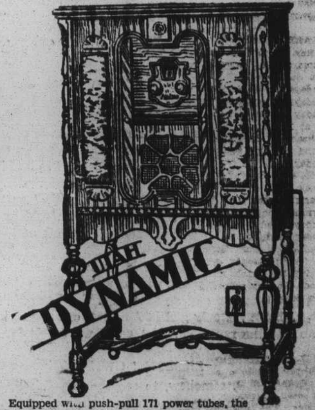
Equipped with push-pull 171 power tubes, the latest means of improved amplification to clarify the quality of reproduction and avoid overloading of tubes.
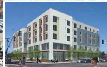
EBALDC HOUSING 95 UNIT DEVELOPMENT
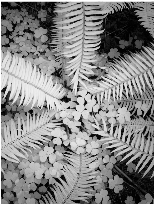
Tim Fleming Ferns and Clover Infrared Oregon Coast

I will display images from the eras listed below.
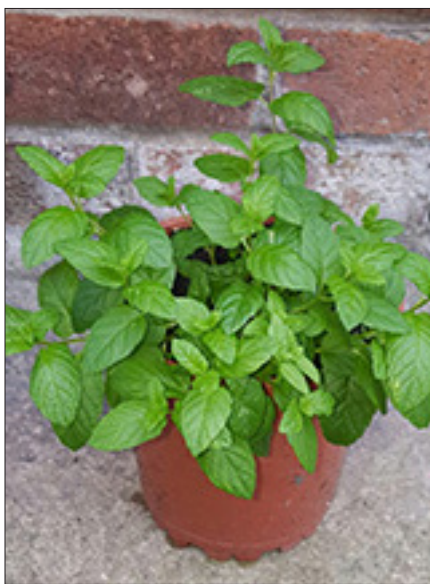
Mint grown in a pot.

A lightweight soil that holds nutrients and moisture, yet drains well, is essential for good results.
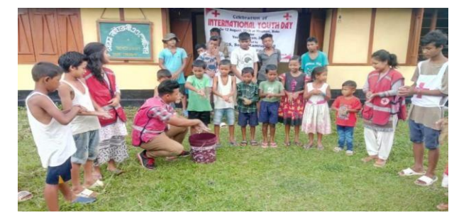
Hand wash conducted by Assam, Red Cross Volunteers on the occasion of International Youth Day.
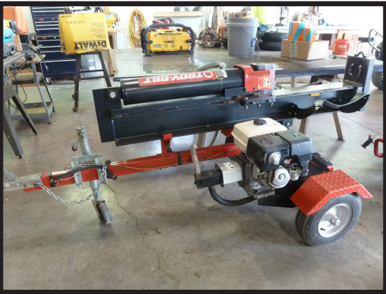
- Troy Bilt 8 hp LS338, 33 ton trailer type, vertical/horizontal log splitter
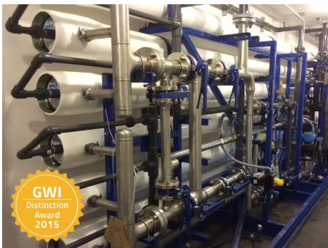
Cambria, California, United States

Nanofiltration or softening membranes have a pore size around 0.001 microns and are usually operated at pressures between 50 to 100 psi. Because of its pore size, NF is typically used on feed sources that have low total dissolved solids (TDS), but significant hardness, iron, manganese and/or total organic carbon (TOC). Nanofiltration membranes typically have a rejection of less than 85% of sodium chloride.
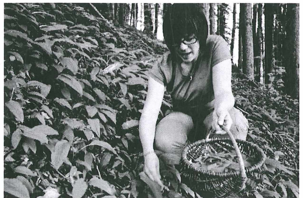
Figure 3: Woman collecting „Bärlauch“ ( Allium ursinum )
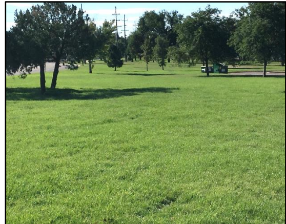
Wheatgrass area 8 weeks after seeding.
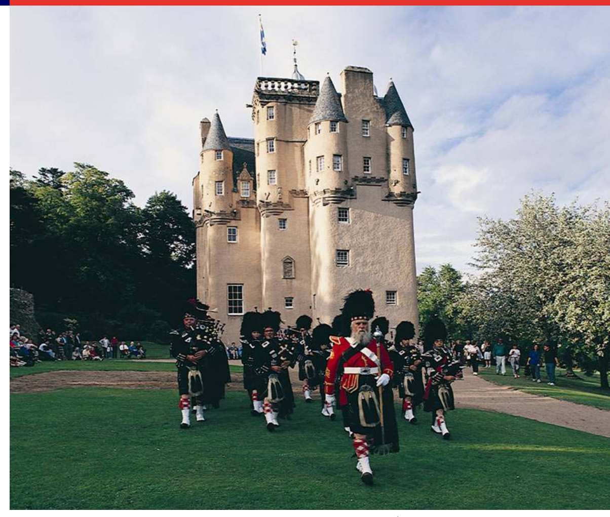
Aberdeen Exhibition and Conference Centre, Scotland (UK) | 25 - 28 September 2012
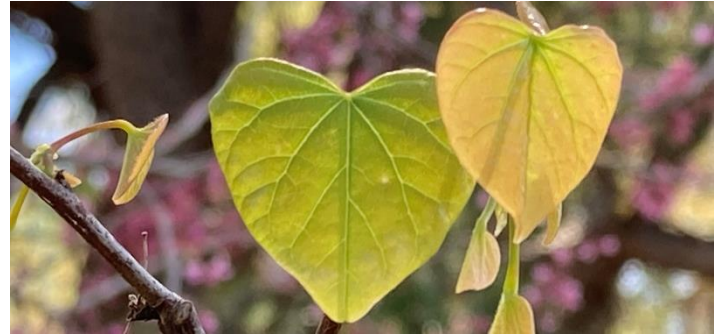
Redbud’s tenderhearted leaves

Come on over and tour the land and farm. Hear the latest information on housing, our time line, and learn how to become a member. This is a great way to meet other members and get a feel for what we are all about. Bring your family and friends, too!
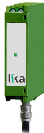
IF60 - IF61
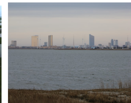
ATLANTIC CITY SKYLINE
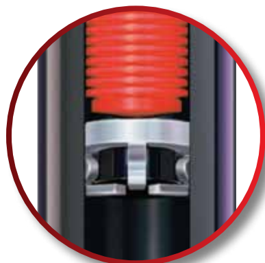
Patented X-Flow® Shut-off Device

Up to 40 gallons of water per minute can escape through a spray head that has a missing or damaged nozzle. This wasted water can lead to landscape erosion, property damage, or unsafe conditions due to wet hardscapes. The patented X-Flow device is factory-installed in the riser and holds back over 99% of the water that would otherwise be wasted in cases where the nozzle has been compromised through unintentional accidents or vandalism. Furthermore, X-Flow technology allows for spray head maintenance or component replacement without the need to turn off the system.
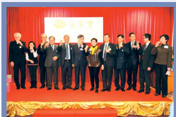
善寧會執行委員會委員向出席義工祝酒。 SPHC Executive Committee Members propose a toast to all volunteers.

晚宴在一片歡樂聲中進行，除了有多個刺激緊張的遊戲外，更有幸運大抽獎，送出由執行委員會委員捐助的近 80 份禮物；特別大獎為香港快運航空贊助的雙人來回機票。所有參加者都帶着喜悅和獎品，滿載而歸。
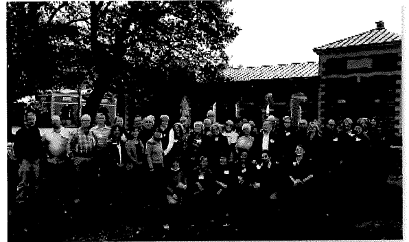
Friends groups like those at this Saratoga/Capital Region Friends Gathering contribute significantly to the stewardship of the state parks system.

Often, these groups are comprised of a relatively small number of dedicated individuals—in most cases, volunteers—who accomplish herculean tasks: they raise private funds for capital projects; perform maintenance tasks; provide educational programming; and promote public use through hosting special events.
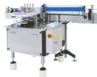
全自动上糊式贴标机 On paste-type automatic labeling machine
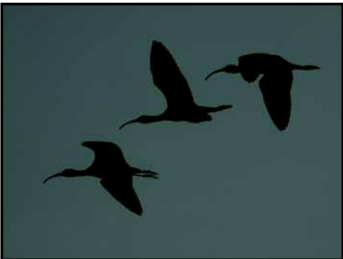
White Faced Ibises in Formation by Donna Sturla
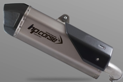
SPS CARBON TITANIUM APPROVED EURO 4
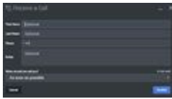
Mobile fullscreen view in landscape orientation
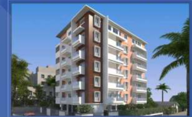
Landmark VALENCITY, Valencia
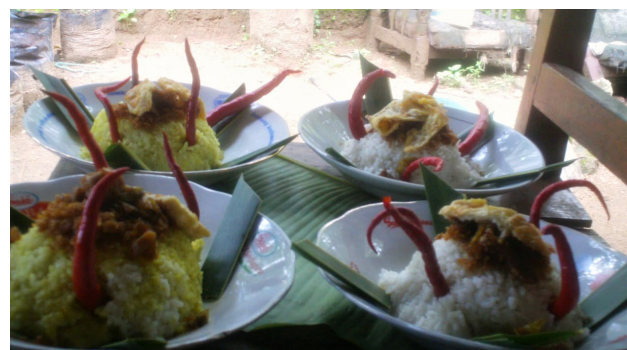
Figure 9. Asahan .

The other side dishes are served jenggareng , (black soybeans, peanuts, and beans). Besides that, there are tempe goreng , gereh petek goreng , sruhendeng ,
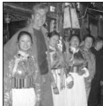
Singing waitresses in a popular restaurant in Lijiang, China
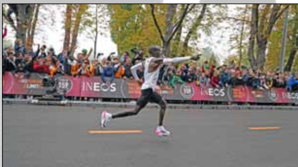
run2gether members witness Kipchoge's 1:59:40,2 in Vienna

------

A verbatim copy of the records is expected, from their first line through the line with "Cambria, California, United States", inclusive, with the pictures removed.

- _Output of the exercise_:
Equipped with push-pull 171 power tubes, the latest means of improved amplification to clarify the quality of reproduction and avoid overloading of tubes.
EBALDC HOUSING 95 UNIT DEVELOPMENT
Tim Fleming Ferns and Clover Infrared Oregon Coast

I will display images from the eras listed below.
Mint grown in a pot.

A lightweight soil that holds nutrients and moisture, yet drains well, is essential for good results.
Hand wash conducted by Assam, Red Cross Volunteers on the occasion of International Youth Day.
- Troy Bilt 8 hp LS338, 33 ton trailer type, vertical/horizontal log splitter
Cambria, California, United States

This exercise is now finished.